1984edo is consistent in the 7-odd-limit and is a mostly sharp system, with all primes up to 23 tuned sharp. However, harmonics 9, 15, and 21 are more than 50% of a step sharp by patent val, and flat by direct approximation, which results in inconsistencies; that is, their direct approximations are not the same as the sum of their constituent odd harmonics' direct approximations: 9/1 is 6289 steps while 3/1 is 3145 steps (and 3145 + 3145 = 6290, ≠ 6289), and 15/1 is 7751 steps while 5/1 is 4607 steps (and 3145 + 4607 = 7752, ≠ 7751). 1984edo does, however, approximate the 2.9.19.31.33 subgroup well.

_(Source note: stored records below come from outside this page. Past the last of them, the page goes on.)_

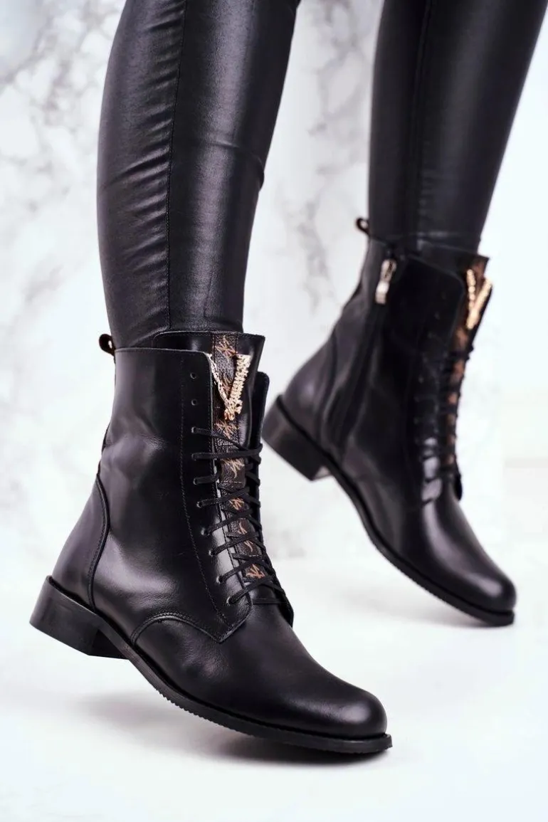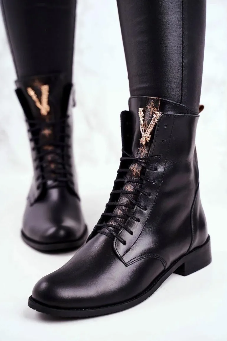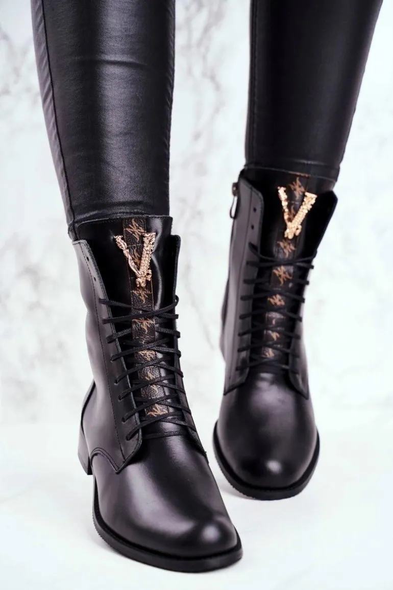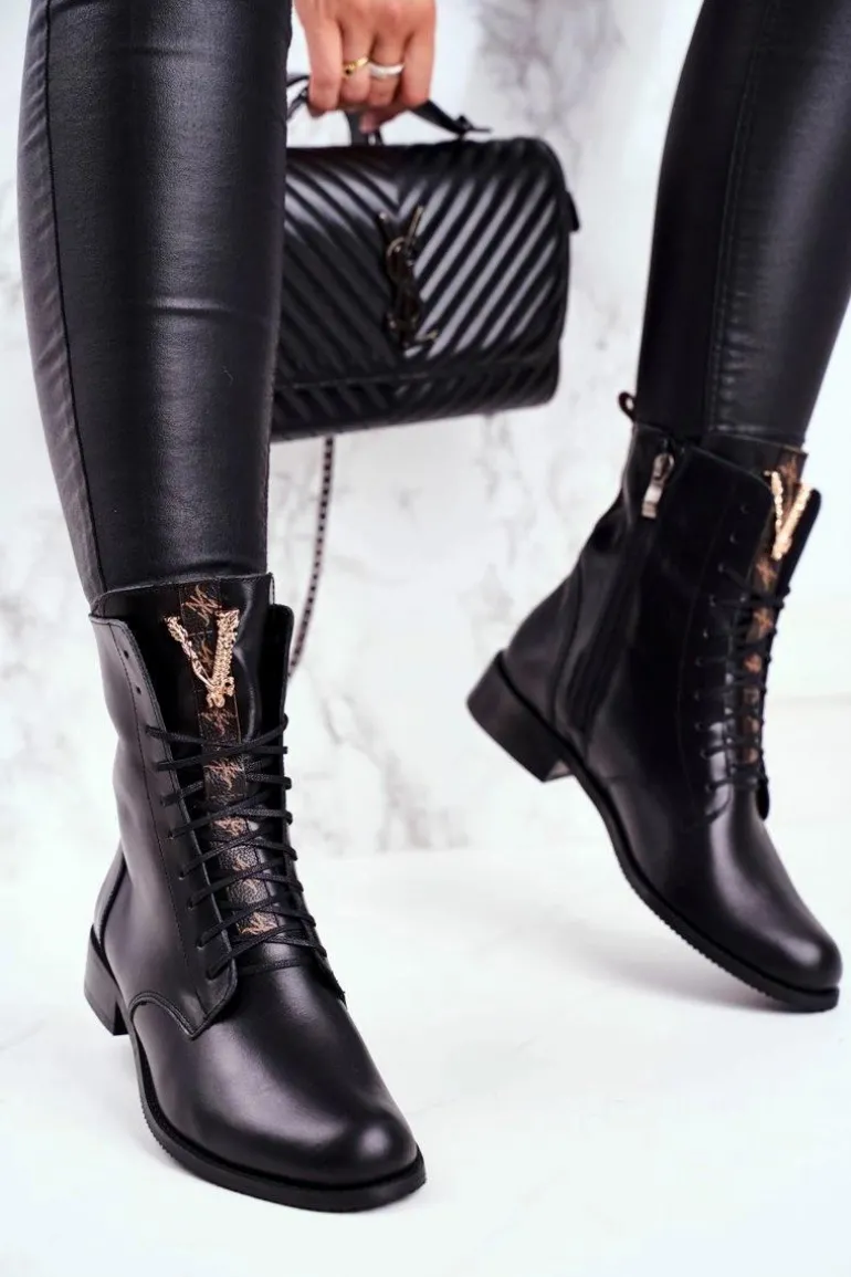 Botki to nie tylko buty na chłodne dni. Świetnie sprawdzą się również podczas tworzenia wiosennych stylizacji. Buty zostały wykonane z naturalnej skóry. Ocieplenie w postaci koca obuwniczego. Zdobienie w postaci złotej literki V wygląda przepięknie i podkreśla ich stylistykę. Zakładanie ułatwi wszyty na boku suwak, natomiast o lepsze dopasowanie zadbają sznurowadła. Botki oparte na delikatnym płaskim obcasie. Przy wyborze rozmiaru prosimy sugerować się tabelą rozmiarów.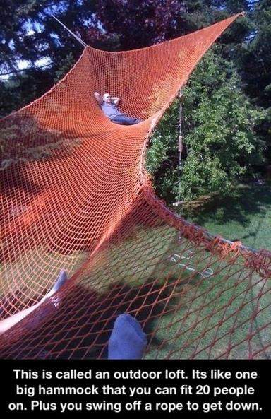 This is called an outdoor loft. Its like one big hammock that you can fit 20 people on. Plus you swing off a rope to get down.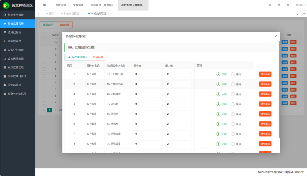 5、可定制化:用户可根据自身农业生产的特点和需求,自定义预警规则、种植计划、设备控制策略等。
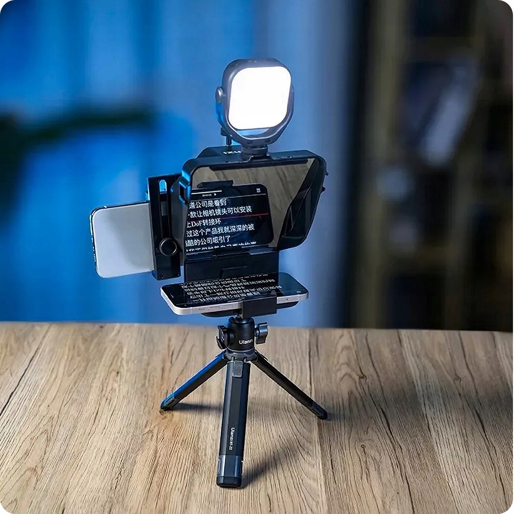 ✔️ Телесуфлер оснащено кріпленням 1/4 дюйма, що дозволяє легко встановити його на штатив або тримач. Він також має три кріплення холодного башмака, що дозволяє розширити набір додатковими аксесуарами, такими як мікрофон, світлодіодна лампа або екран. Завдяки цьому телесуфлер добре працюватиме в різних умовах запису, навіть у полі, де доводиться мати справу з несприятливими погодними умовами.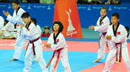 [OSEN=광저우, 지형준 기자] 18일 오후 중국 광저우 광둥체육관에서 열린 아시안게임 태권도 경기 중간에 중국 아이들이 한류스타 슈퍼주니어의 쏘리쏘리 노래에 맞춰 율동을 하고 있다. /jpnews@osen.co.kr 화보로 보는 뉴스, 스마트폰으로 즐기는

In the 7-limit the equal temperament tempers out the wizma (420175/419904), the garischisma (33554432/33480783), and the pessoalisma (2147483648/2144153025).
Odd harmonics
| Harmonic | 3 | 5 | 7 | 9 | 11 | 13 | 15 | 17 | 19 | 21 | 23 | |
|---|---|---|---|---|---|---|---|---|---|---|---|---|
| Error | Absolute (¢) | +0.263 | +0.178 | +0.126 | -0.079 | +0.295 | +0.198 | -0.164 | +0.287 | +0.068 | -0.216 | +0.153 |
| Relative (%) | +43.4 | +29.5 | +20.8 | -13.1 | +48.8 | +32.8 | -27.1 | +47.4 | +11.2 | -35.8 | +25.3 | |
| Steps (reduced) |
3145 (1161) |
4607 (639) |
5570 (1602) |
6289 (337) |
6864 (912) |
7342 (1390) |
7751 (1799) |
8110 (174) |
8428 (492) |
8714 (778) |
8975 (1039) | |
Subsets and supersets
Since 1984 factors into 26 × 31, 1984edo has subset edos 2, 4, 8, 16, 31, 32, 62, 64, 124, 248, 496, and 992.